[v2,2/2] bugreport: generate config whitelist based on docs
diff mbox series

Message ID 20190817003926.102944-3-emilyshaffer@google.com
State New
Headers show
Series
  • Untitled series #161079
Related show

Commit Message

Emily Shaffer Aug. 17, 2019, 12:39 a.m. UTC
Add a new step to the build to generate a whitelist of git-config
variables which are appropriate to include in the output of
git-bugreport. New variables can be added to the whitelist by annotating
their documentation in Documentation/config with the line
"// bugreport-include".

Some configs are private in nature, and can contain remote URLs,
passwords, or other sensitive information. In the event that a user
doesn't notice their information while reviewing a bugreport, that user
may leak their credentials to other individuals, mailing lists, or bug
tracking tools inadvertently. Heuristic blacklisting of configuration
keys is imperfect and prone to false negatives; given the nature of the
information which can be leaked, a whitelist is more reliable.

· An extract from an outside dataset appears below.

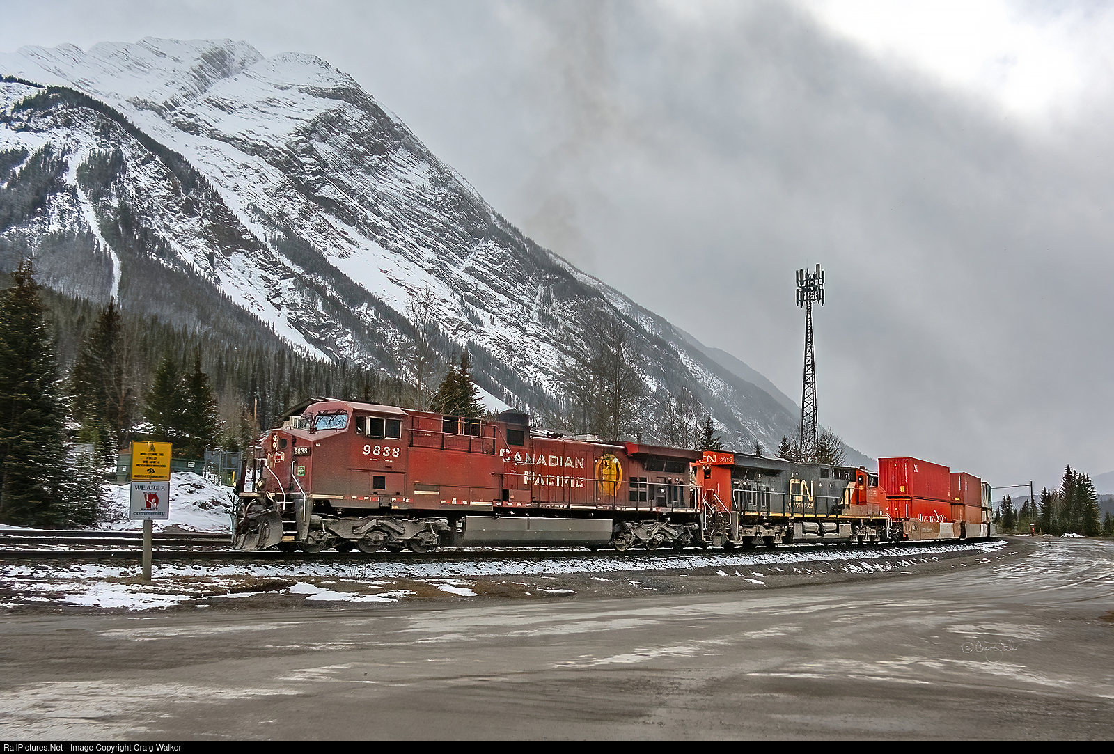 CPKC Railway intermodal train 112 (Vancouver IMS, British Columbia, to Côte Saint-Luc, Québec) has just picked up a fresh crew and has just begun moving east again. Canadian Pacific AC4400CW 9838 and Canadian National ES44AC 2916 are up front, with CN ES44AC 2868 as the mid-train Distributed Power Unit, and CP AC4400CW 9708 for the rear DPU. (Field, British Columbia, Canada – April 17, 2023)

In order to prevent staleness of the whitelist, add a mechanism to
generate the whitelist from annotations in the config documentation,
where contributors are already used to documenting their new config
keys.

Additionally, add annotations to the sendemail config documentation in
order to demonstrate a proof of concept.

Signed-off-by: Emily Shaffer <emilyshaffer@google.com>
---
 .gitignore                             |  1 +
 Documentation/config/sendemail.txt     | 68 +++++++++++++-------------
 Makefile                               |  9 +++-
 bugreport-generate-config-whitelist.sh |  4 ++
 git-bugreport-config-whitelist         | 22 ---------
 5 files changed, 47 insertions(+), 57 deletions(-)
 create mode 100755 bugreport-generate-config-whitelist.sh
 delete mode 100644 git-bugreport-config-whitelist

Comments

Martin Ågren Aug. 17, 2019, 8:38 p.m. UTC | #1
On Sat, 17 Aug 2019 at 02:42, Emily Shaffer <emilyshaffer@google.com> wrote:
>
> Add a new step to the build to generate a whitelist of git-config
> variables which are appropriate to include in the output of
> git-bugreport. New variables can be added to the whitelist by annotating
> their documentation in Documentation/config with the line
> "// bugreport-include".

These "// bugreport-include" show up in the rendered manpages, both with
AsciiDoc and Asciidoctor. :-(

> --- a/Documentation/config/sendemail.txt
> +++ b/Documentation/config/sendemail.txt
> @@ -1,63 +1,63 @@
> -sendemail.identity::
> +sendemail.identity:: // bugreport-exclude
>         A configuration identity. When given, causes values in the

If I put each comment on a line of its own (after the config option, but
I suppose before would work the same way), Asciidoctor truly ignores
them and everything's fine. And AsciiDoc renders this one and others
like it ok.

> -sendemail.aliasesFile::
> -sendemail.aliasFileType::
> -sendemail.annotate::
> +sendemail.aliasesFile:: // bugreport-exclude
> +sendemail.aliasFileType:: // bugreport-exclude
> +sendemail.annotate:: // bugreport-include

However, AsciiDoc (version 8.6.10) seems to effectively replace those
comments with an empty line during processing, and it makes quite the
difference here. Instead of these appearing in a compact comma-separated
list, they are treated as individual items in the description list with
no supporting content.

FWIW, I like the idea of annotating things here to make it harder to
forget this whitelisting when adding a new config item.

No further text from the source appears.